By MARK MOYAR
Published: December 19, 2009
Quantico, Va.
Leadership Survey Responses AS President Obama and his advisers planned their new approach to the Afghan war, the quality of Afghanistan’s security forces received unprecedented scrutiny, and rightly so. Far less attention, however, has been paid to the quality of American troops there. Of course, American forces don’t demand bribes from civilians at gunpoint or go absent for days, as Afghans have often done. But they face serious issues of their own, demanding prompt action.
The American corporals and privates who traverse the Afghan countryside today are not at issue. They risk life and limb every day, with little self-pity. Despite the strains of successive combat deployments, they keep re-enlisting at high rates.
The problems lie, rather, in the leadership ranks. Although many Army and Marine officers in Afghanistan are performing well, a significant portion are not demonstrating the vital leadership attributes of creativity, flexibility and initiative. In 2008, to better pinpoint these deficits, I surveyed 131 Army and Marine officers who had served in counterinsurgency operations in Iraq or Afghanistan or both, asking them each 42 questions about leadership in their services.
The results were striking. Many respondents said that field commanders relied too much on methods that worked in another place at another time but often did not work well now. Officers at higher levels are stifling the initiative of junior officers through micromanagement and policies to reduce risk. Onerous requirements for armored vehicles on patrols, for instance, are preventing the quick action needed for effective counterinsurgency. Of the Army veterans I surveyed, only 28 percent said that their service encouraged them to take risks, while a shocking 41 percent said that the Army discouraged it.
The climate of risk aversion begins in American society at large, which puts a higher premium on minimizing casualties than on defeating the enemy. It continues with American politicians and other elites who focus on the abuses at Abu Ghraib and Haditha in Iraq, but rarely point out the far more numerous instances of American valor.
It doesn’t need to be this way in the Army. After all, the Marine Corps has succeeded in inducing its officers to operate independently.

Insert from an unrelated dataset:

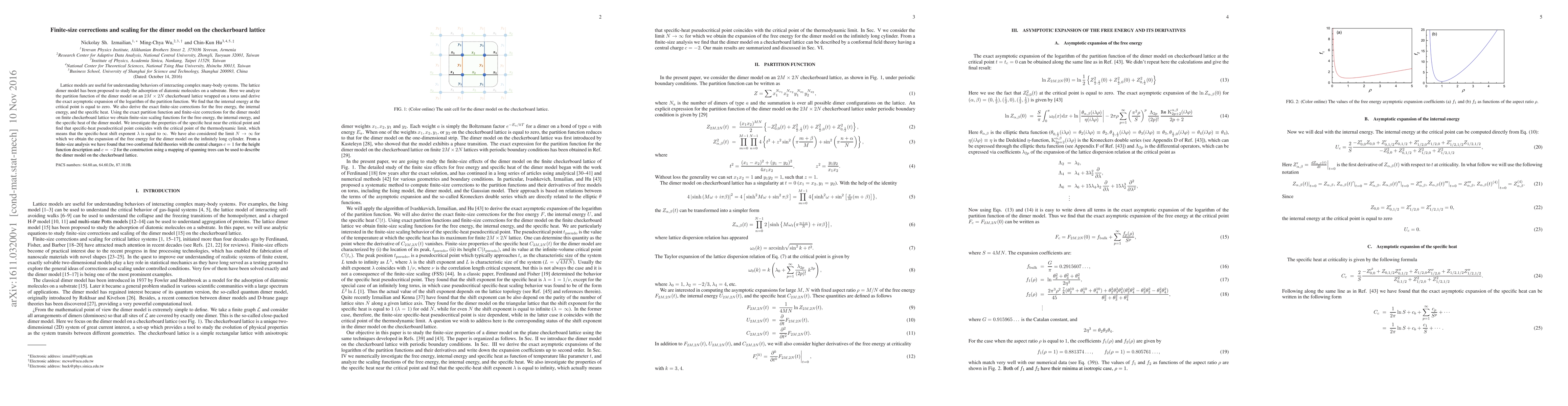 This paper analyzes the partition function of the dimer model on a finite checkerboard lattice, deriving exact asymptotic expansions and finite-size corrections. It finds that the internal energy at the critical point is zero and identifies the specific-heat pseudocritical point as coinciding with the thermodynamic critical point, indicating a specific-heat shift exponent of infinity.

More than twice as many Marine survey respondents as Army respondents — 58 percent — said that their service encouraged risk-taking. Marine culture is different because the career Marine officers who shape it are, on average, less risk-averse than career Army officers.
Researchers have found that the leadership ranks of big organizations are dominated by either “sensing-judging” or “intuitive thinking” personality types. Those in the former category rely primarily on the five senses to tell them about the world; they prefer structure and standardization, doing things by the book and maintaining tight control.
In the late 20th century, the Army gravitated toward standardization, as peacetime militaries often do, and consequently rewarded the sensing-judging officers who are now the Army’s generals and colonels. But this personality type functions less well in activities that change frequently or demand regular risk-taking, like technological development or counterinsurgency. Organizations that thrive under such conditions are most often led by people with intuitive-thinking personalities. These people are quick to identify the need for change and to solve problems by venturing outside the box.
Today, the Army has more intuitive-thinking people among its lieutenants and captains than at the upper levels. Too many of these junior officers continue to leave the service out of disillusionment with its rigidity and risk aversion. To their credit, Secretary of Defense Robert Gates and the Army chief of staff, Gen. George Casey, have been trying to fix this problem, directing promotion boards to value creativity and initiative. But more drastic treatment is required.
The military should incorporate personality test results into military personnel files, and promotion boards should be required to select higher percentages of those who fall into the intuitive-thinking group. Many highly successful businesses factor personality testing into promotion decisions; the military, with far more at stake, should be no less savvy.
More immediately, our generals should repeatedly visit the colonels who command brigades and battalions to see if they are encouraging subordinates to innovate and take risks. Commanders who refuse to stop micromanaging should be relieved. The change may be disruptive and painful, but in the long run it will save lives and shorten wars.
Mark Moyar is a professor of national security affairs at Marine Corps University and the author of “A Question of Command: Counterinsurgency From the Civil War to Iraq.”